Mutilé, décapité, scalpé – Isaac Jogues, missionnaire jésuite au Canada

Kévin Boucaud-Victoire | 23 juillet 2017

Les 150 ans de la naissance de la confédération canadienne est l’occasion de se remémorer l’incroyable travail d’évangélisation mené par les Jésuites au XVIIe siècle dans ce qui s’appelait la Nouvelle-France, et notamment l’action d’Isaac Jogues.

Le 24 juillet 1967, il y a 50 ans, Charles de Gaulle déclenchait une crise géopolitique entre le Canada et la France. La faute à « Vive le Québec libre ! », prononcé lors d’un discours mémorable dans la province nord-américaine en plein anniversaire des 100 ans de la confédération canadienne.

Un geste qui nous rappelle la complexité de l’histoire canadienne, fédération politique qui naît le 1er juillet 1867, quand l’Ontario, le Québec, le Nouveau-Brunswick et la Nouvelle-Écosse, jusqu’ici colonies britanniques, décident de        se dégager de la tutelle du Royaume-Uni.

Mais l’histoire canadienne commence avant cet acte fondateur – objet de nombreuses commémorations en ce mois de juillet – et les missionnaires jésuites français y ont joué un rôle déterminant. Parmi eux, saint Isaac Jogues, canonisé par Pie IX en 1930, tient une place particulière.

Cinquième d’une famille de neuf enfants, le futur prêtre naît 10 janvier 1607 à Orléans, ville où il étudie au collège des jésuites.

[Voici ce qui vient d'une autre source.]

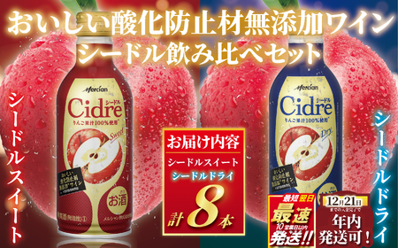 1.おいしい酸化防止剤無添加ワイン シードル スイート 缶290ml×4缶 2.おいしい酸化防止剤無添加ワイン シードル ドライ 缶290ml×4缶 計8本 ・原材料 濃縮還元りんご果汁(外国産)、りんご果汁(日本産)、糖類/炭酸、リンゴ酸

Alors qu’à la fin de ses études il a l’occasion de reprendre le commerce fleurissant de son père, ou de devenir fonctionnaire comme ses oncles, il préfère suivre ses maîtres jésuites à Rouen, dans la Compagnie de Jésus. Il prononce ses vœux en 1626 et démarre des études de philosophe puis de théologie à Clermont.

Sa vie bascule quand il est envoyé comme missionnaire en Nouvelle-France – territoire qui s’étend alors de l’actuelle Louisiane au nord du Canada et dont la capitale est Québec ­– en 1636, peu de temps après avoir été ordonné prêtre.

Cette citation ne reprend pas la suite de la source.